The sheep was one of a hundred, the coin one of ten, and the son one of two. Does this mean that these lost things were ascending in value? For example, was the son more valuable than the coin, or the coin more valuable than the sheep? No to the owner!
I don’t think that the value of the lost thing was more important to the owner than its condition. The sheep, the coin, and the son were lost to their condition and their purpose and needed to be found and restored.
The sheep was one of a hundred sheep in the farmer’s flock. When it wandered away, the flock was incomplete. Not only that but the sheep was in danger and needed to be rescued. The farmer was restless, knowing that his sheep was vulnerable to serious accident or death by wild animals. He had to do something to find it and bring it back to safety.
God often used the imagery of sheep to describe His relationship with His people. Sheep are precious but foolish. They follow…they need to be led. They wander after food, not concerned about their safety. They are vulnerable…unaware of their environment or of danger. They need constant care to stay alive.
Jesus’ story was not only about the sheep but about the shepherd. As a true shepherd, he kept tabs on his sheep. One lost sheep meant immediate action. He left his flock to search for the lost one and refused to give up until he found it.
The shepherd’s mission accomplished, he called his neighbours to celebrate with him. So, Jesus insisted, if a lost sheep that was found was the cause for celebration in the farming community, how much greater is the celestial joy when a lost sinner is found and brought home.

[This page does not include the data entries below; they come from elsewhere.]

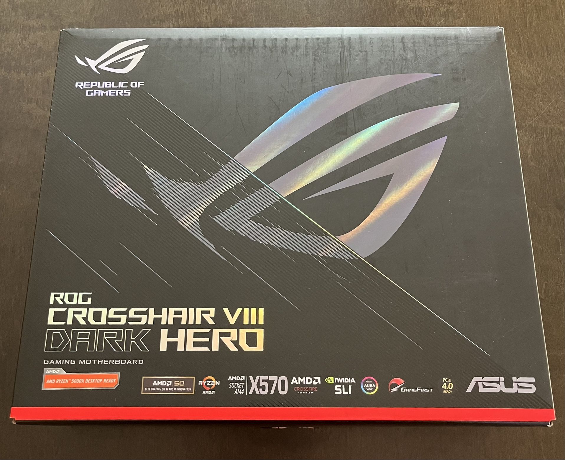 The Asus ROG CROSSHAIR VIII DARK HERO AMD Am4 X570S Motherboard is an ATX motherboard that supports AMD Ryzen processors. It has eight SATA III ports, two M.2 NVMe ports, and four dual-channel DDR4 memory slots. It also has one PCIe 3.0 x16 slot and two PCIe 4.0 x16 slots Like New motherboard Low ball offers will be ignored. These are going for 500 and selling quick used on eBay so this is a deal.
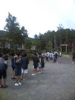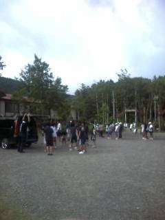 部活動合宿2日目は8時半から練習開始です。宿舎前にまず集合。それから各部の練習場所に出発です。
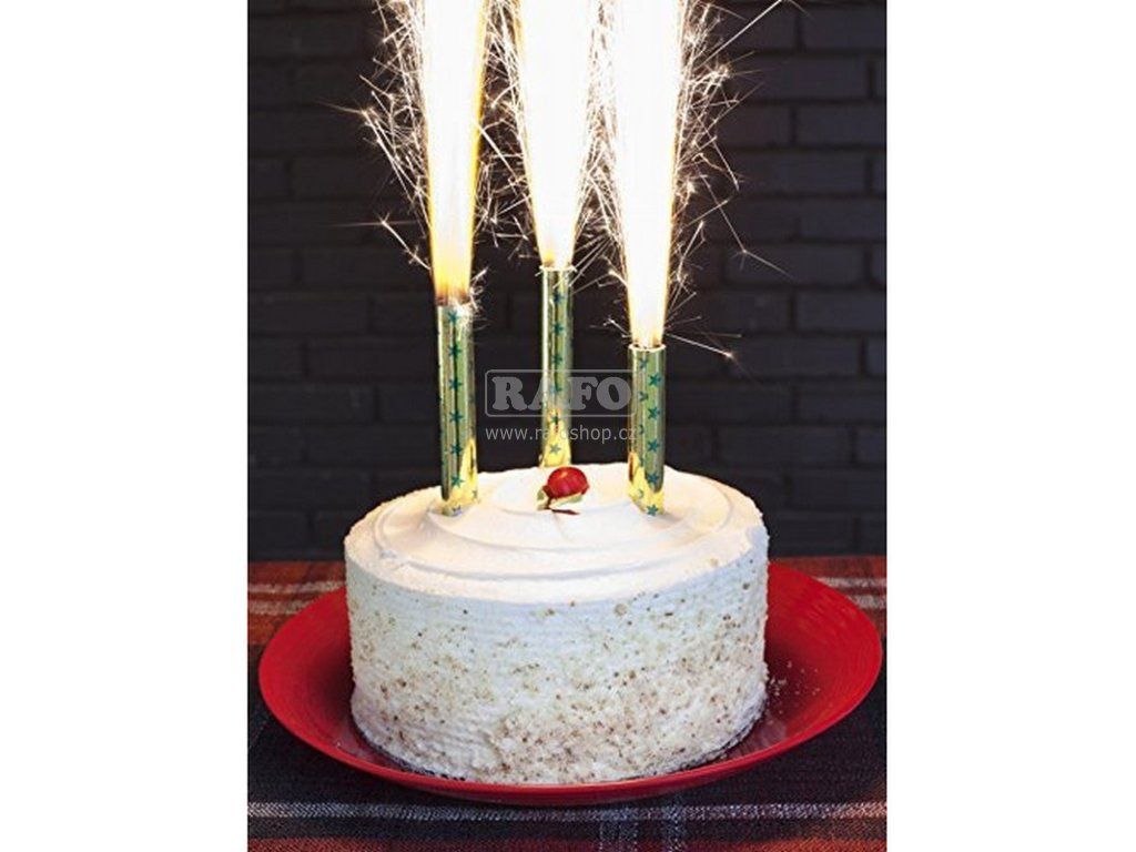 Dortová pokojová fontána, která po zapálení vykouzlí malý domácí ohňostroj. Stačí ji zapíchnout špičkou a horní okraj zapálit. Fontána vytvoří efekt zářících a chrlících jisker a vytvoří tak jedinečnou atmosféru. Je vhodná na každou párty a atraktivním doplňkem Vaší oslavy. Hoří cca 45 sec. Rozměry: celková výška včetně bodce je 15 cm. Tento produkt najde uplatnění při různých oslavách, rautech, zahradních a grilovacích párty.Doplňkové parametry
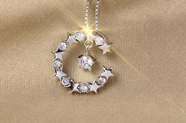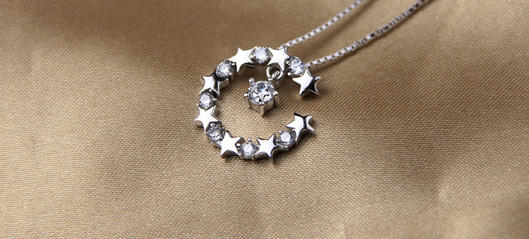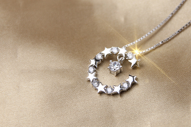 Silver Crystal Moon and Star Fashion Pendant Necklace

It’s important to understand what “lostness” means. In the Bible, lostness is what sin does…leaves us wandering away from the path that leads us to the Father and into the wilderness where we are in danger of dying without shelter, food, and water or being devoured by “wild animals”.

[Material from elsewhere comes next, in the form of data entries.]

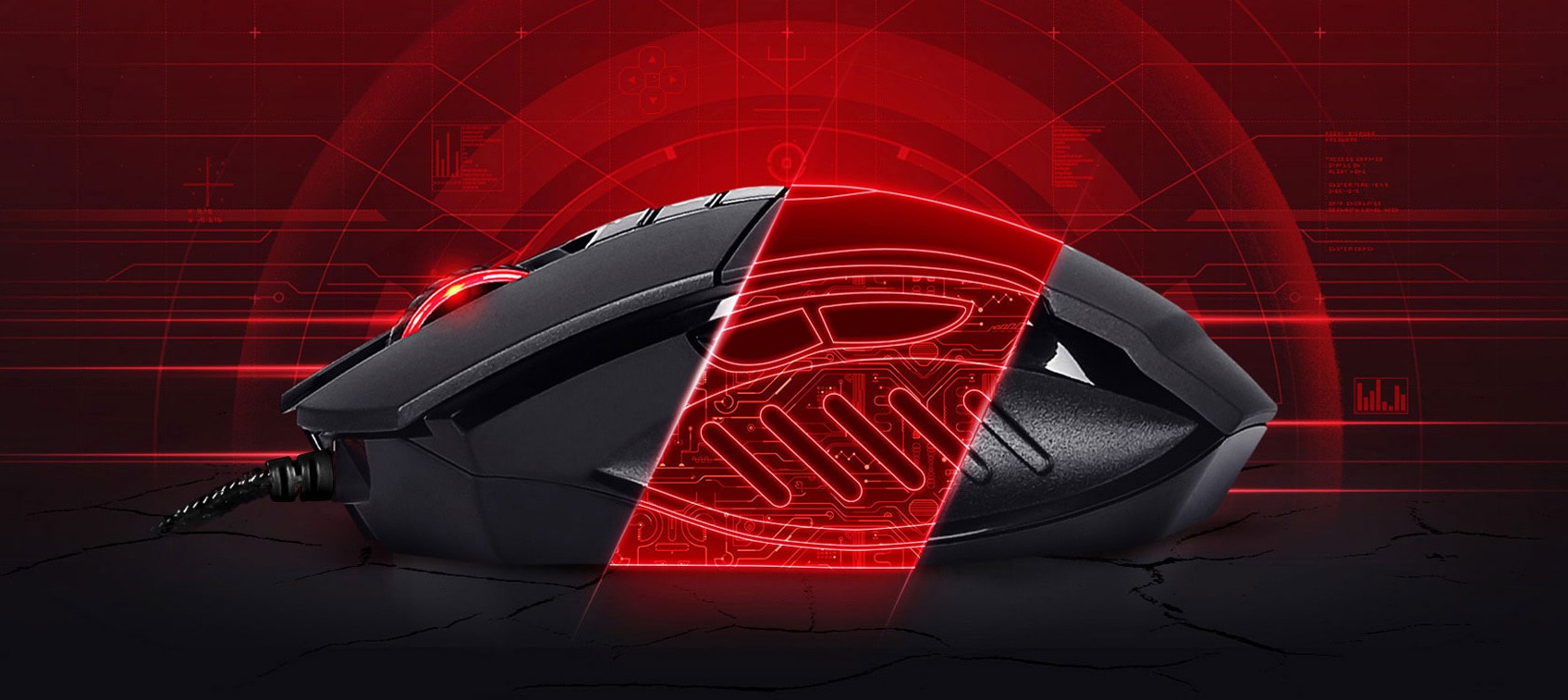В конструкции мышки присутствуют 8 механических кнопок, среди которых клавиши, запрограммированные на мгновенный доступ к игровым функциям, дополнительные кнопки, обеспечивающие быструю смену режимов стрельбы во время игры, и колесо прокрутки. Все они обеспечивают оперативную реакцию мыши на действия пользователя.
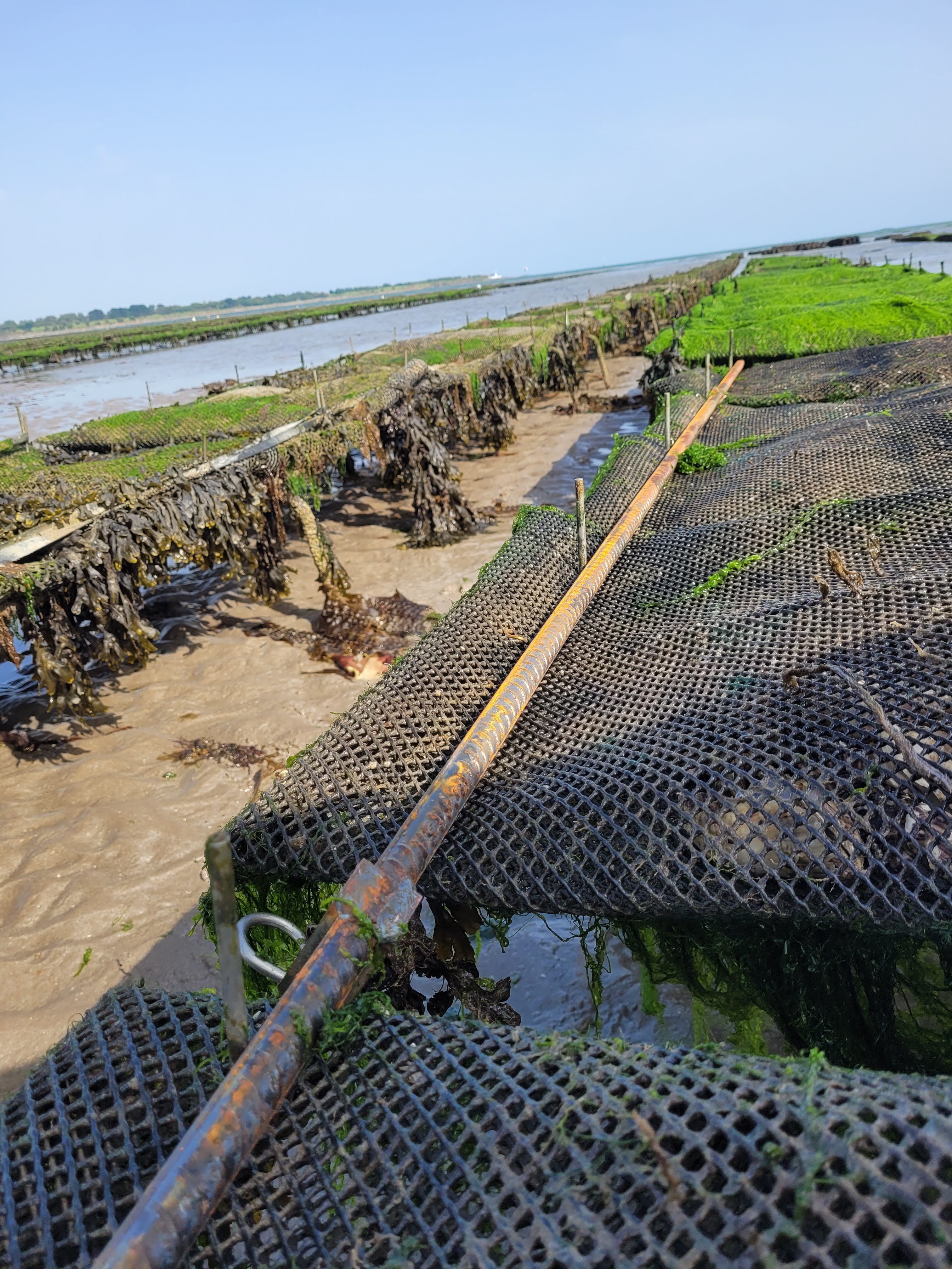 Bags are not clamped down, this gives more room in the bags and allows wind and wave action to move oysters
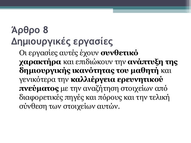 Υ.Α. Αρ. Πρωτ. 220473/Δ2 / 23-12-2016, Οδηγίες για την εκπόνηση των Δημιουργικών Εργασιών στο Γενικό Λύκειο (άρθρο 8 του Π.Δ. 46/2016) για το σχολικό έτος 2016-2017
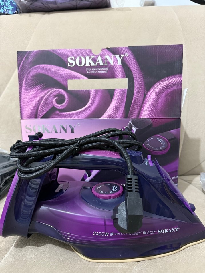 Sokany markalı koyu mor ütü, 2400W güçlü ısıtma ve ayarlanabilir sıcaklık kontrolü ile pratik kullanım sağlar. Kireç önleyici özellik içerir.
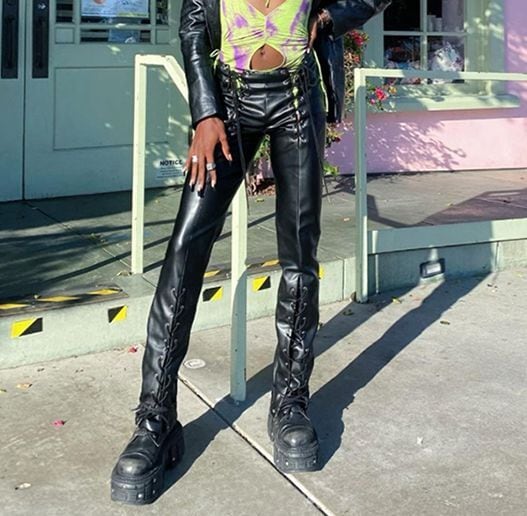 ストリートファッションの定番アイテム、ブラックレザーパンツです。ウエストがレースアップで、かなりセクシーなデザインになっています。タイトなシルエットが、美脚に見せてくれますよ。
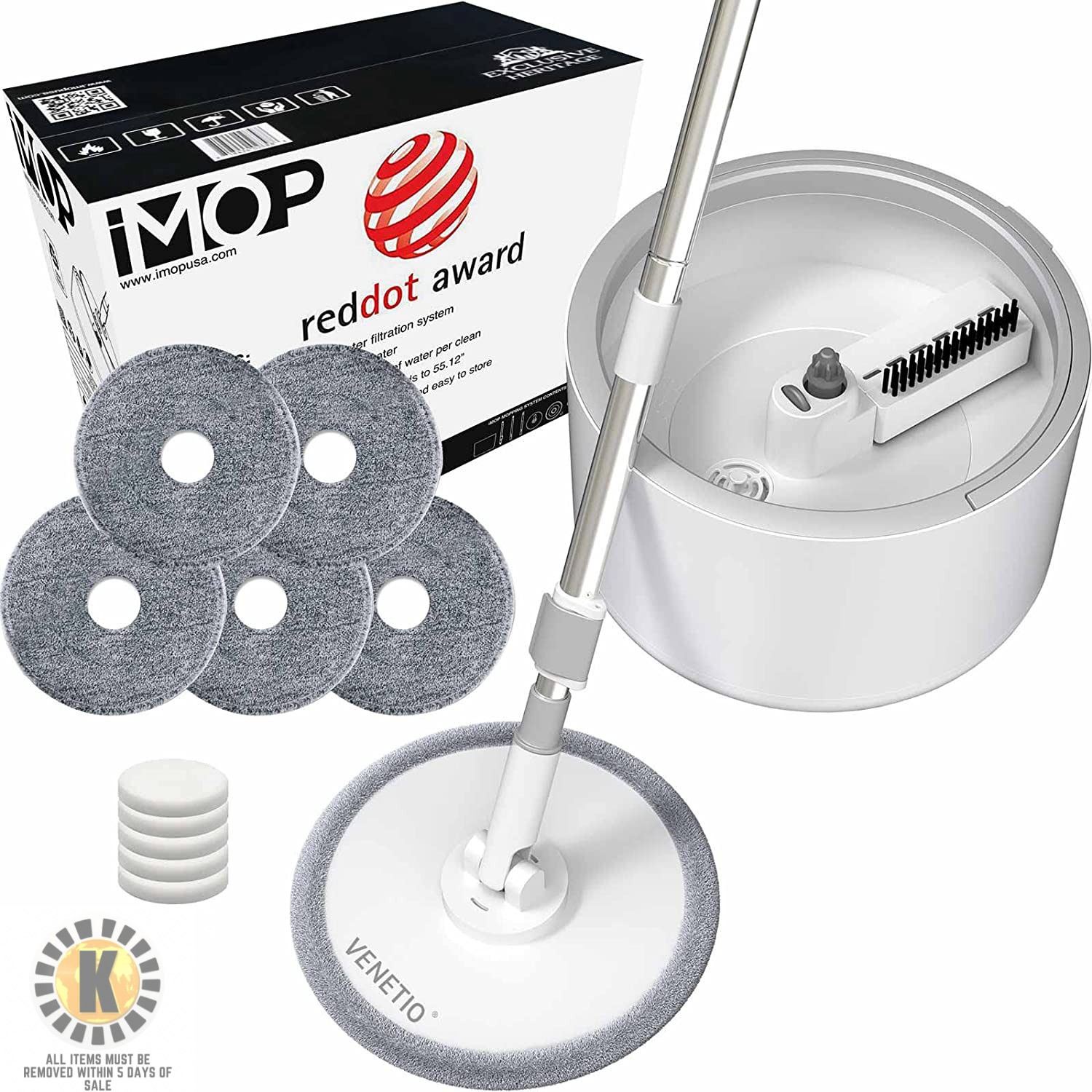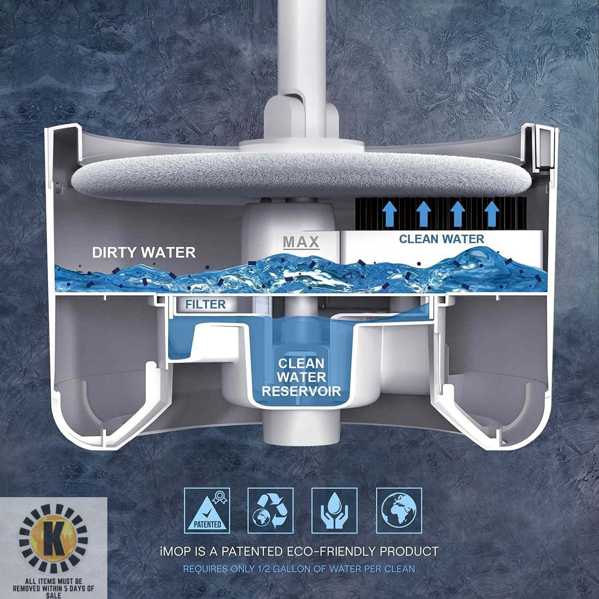 BUCKET SET WITH PATENTED INTERNAL WATER FILTRATION SYSTEM, SELF CLEANING DRY AND WET FLOOR MOP, 6 PADS, WHITE/GREY DESIGN, PARTS CONFIRMED AND CHECKED, MINOR SUPERFICIAL DAMAGE TO OUTER ORIGINAL BOX, AMZ SES. ALL ITEMS MUST BE REMOVED WITHIN 5 DAYS OF SALE

The shepherd goes out to “find” the sheep and bring it back to the path from which it wandered.
The whole human race has wandered away like lost sheep, away from the truth about God…His live and purposes for us…about us, and about the danger we are in when we leave His way to follow our own. Our destiny will be the rubbish heap of wasted lives.
“We all, like sheep, have gone astray, each of us has turned to our own way; and the Lord has laid on him the iniquity of us all.”
Isaiah 53:6 NIV
So, Jesus came to earth to find the lost sheep and bring them back to God’s “way”.

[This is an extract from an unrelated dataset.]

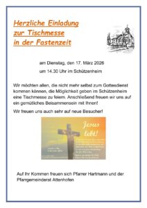 Herzliche Einladung zum Misereor-Gottesdienst um 10.00 Uhr im Claretinerkolleg, der vom Chor conTakt musikalisch gestaltet wird. Anschließend gibt es eine kurze Information und einen Film zum diesjährigen Projektpartner CODAS-Caritas, bevor um ca. 11.45 Uhr im Speisesaal das Fastenessen serviert wird. Es gibt traditionell Chilli con carne, auch vegetarisch, für Kinder auf Wunsch Spaghetti mit Tomatensoße. Bei einer Tasse fair gehandeltem Kaffee/Tee und Kuchen können Sie den Vormittag dann ausklingen lassen. Der Sachausschuss Mission/Entwicklung/Frieden freut sich auf viele große und kleine Gäste und bittet, um besser planen zu können um Anmeldung im Pfarrbüro, Tel. 07309/927660 oder Mail weissenhorn@bistum-augsburg.de bis Dienstag, 17.03.2026.

“Jesus said to him, “Today salvation has come to this house, because this man, too, is a son of Abraham. For the Son of Man came to seek and to save the lost.”
Luke 19:9-10 NIV
Jesus fell foul of the religious leaders of His day because He kept company with the “lost” people whom they despised. So, His story led from lost sheep and a lost coin to the son who had no compassion for his lost brother and who, like them, despised his brother because of his “lostness”.